The Second Estate consists of the nobility. As with the First, it initially comprised senior title-holders only, but since 1732 there has been greater recognition of the aristocracy as a class. The House of Blood is a large neo-Gothic building which dominates the Thames and earns conspiratorial mockery from foreigners who willfully misunderstand the context of the name. It plays host to the College of Arms, a university dedicated to the research of things like heraldry and the scientific identification of the gene for nobility, and also to the Chamber of the Second Estate, which has to be stupendously large because over ten thousand people have the right to speak in it. The Estate is divided into three Classes: the titled nobility, untitled members of titled houses, and the baronetage. Any member of these categories can attend and be heard, and when voting, each Class votes separately. Two of the three Classes must approve a measure before it can be said to have been passed by the Second Estate. Two parties operate among the nobility, the Coveters and the Adulterers, although the differences between the two factions are too complicated to be discussed here.
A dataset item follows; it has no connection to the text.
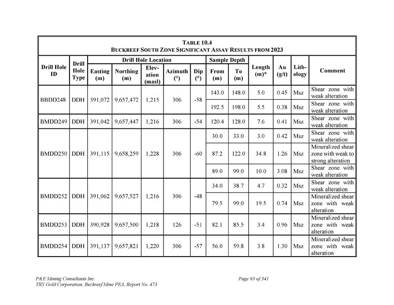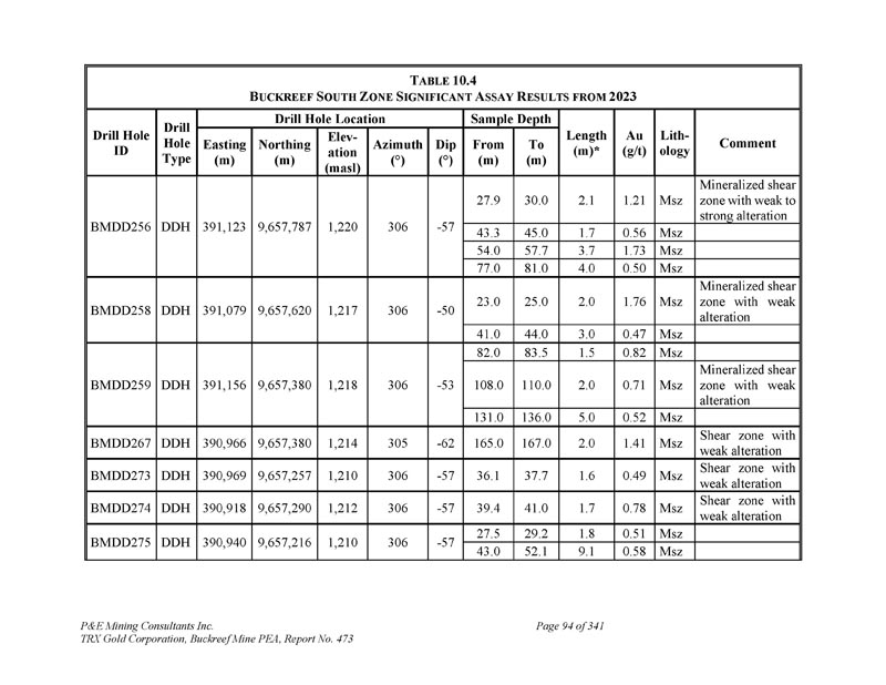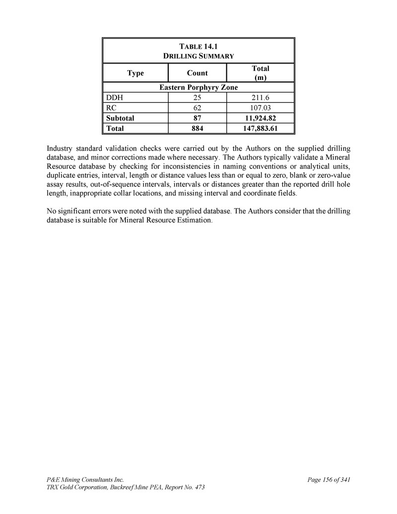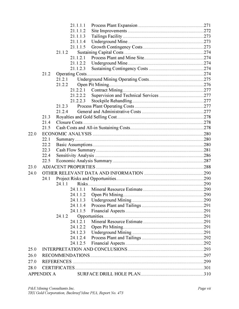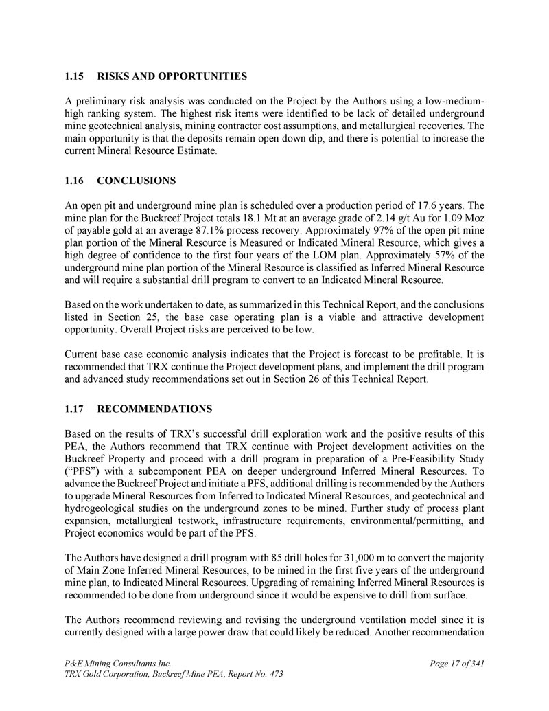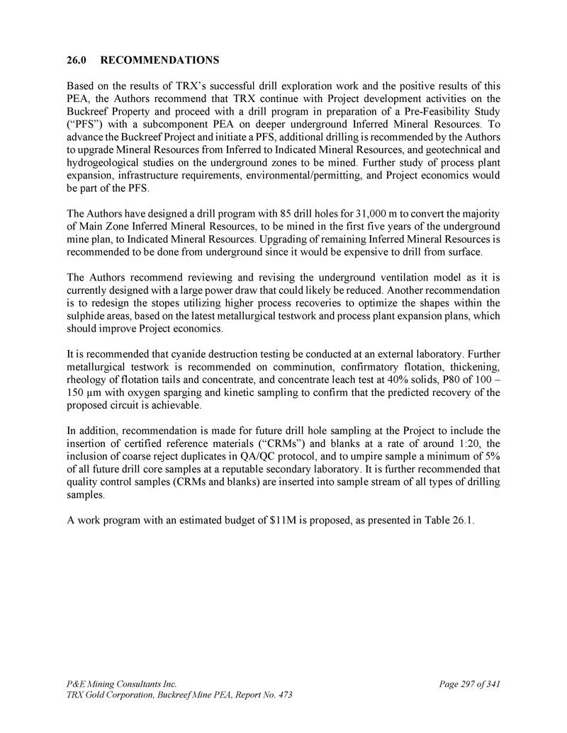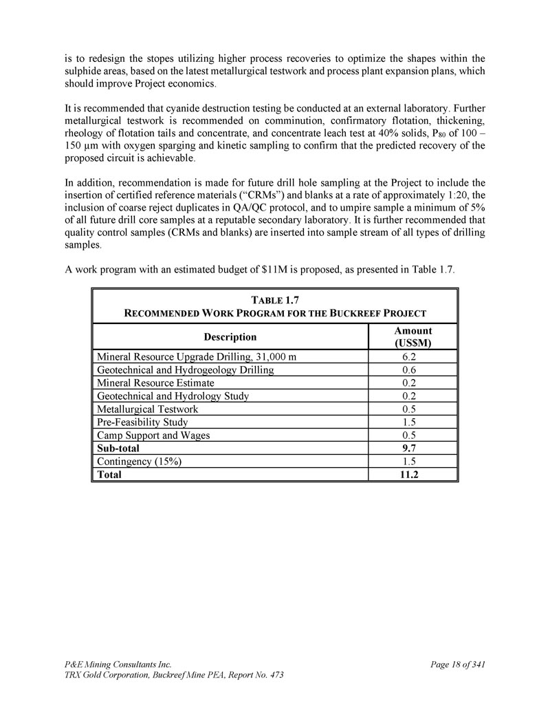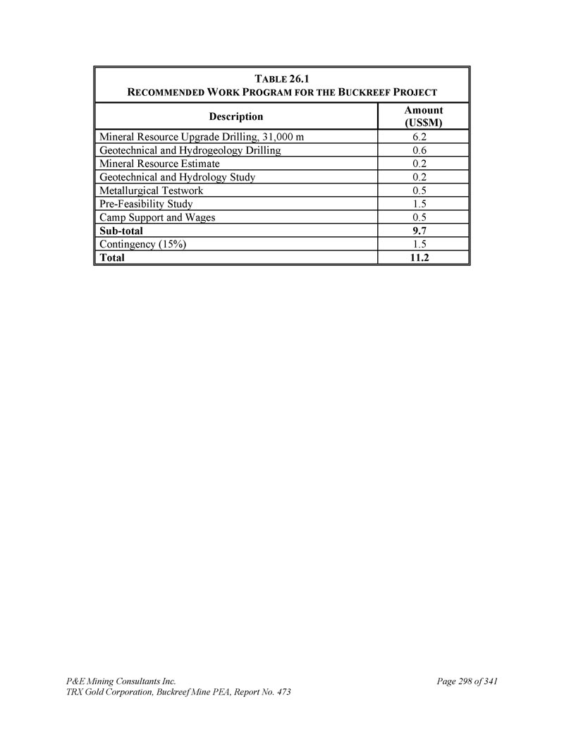 P & E Mining Consultants Inc. TRX Gold Corporation,Buckreef Mine PEA,Report No. 473 page 298 of 341 t ABLE 26.1 R ECOMMENDED W ORK P ROGRAM for the B UCKREEF P ROJECT amount(US $ m)Description 6.2 Mineral Resource Upgrade Drilling,31,000 m0.6 Geotechnical and Hydrogeology Drilling 0.2 Mineral Resource Estimate 0.2 Geotechnical and Hydroology Study 0.5 Metallurgical Testwork 1.5 Pre-Feasibility Study 0.5 Camp Support and Wages 9.7Sub-total 1.5 contingency(15%)11.2 Total

The Third Estate, by contrast, is really simple. Members of guilds in the Boroughs come together to elect their representatives, with the Boroughs being established by Royal Grant or by the Time Immemorial clause, hence the existence of 'shit towns' like Old Sarum and Papakura. The members elected to the Third Estate are all formally independent, although since the 1930s all have - in practice - been endorsed by the Council of Corporations. This may change in future, though, with the organisation of the oppositional Worshipful Company of Chavs and Layabouts (the name they requested was not approved by the Council of State).

Finally, the Fourth Estate represents the peasantry - traditionally, electors had to own land, but since the liberation struggles of the early 19th century, the vote has been extended to all men not enrolled in the Second Estate or resident in a Borough (although borough-dwellers who don't have the Borough franchise but own land to the value of 40 shillings in a rural area are also permitted to vote, hence the practice of selling off one-square-meter plots to townies on condition that they vote in a particular way). The Knights of the Shire party is by far the oldest in the world, dating its foundation to the 1260s, but it has faced challenges in the last couple of hundred years from the Country Party, which seeks to represent underprivileged interests.

Between 1927 and 1931, there was also a Fifth Estate of women, but this was disestablished for obvious reasons.

So maybe, now you've got a little education on the subject, you won't shoot your mouths off so much.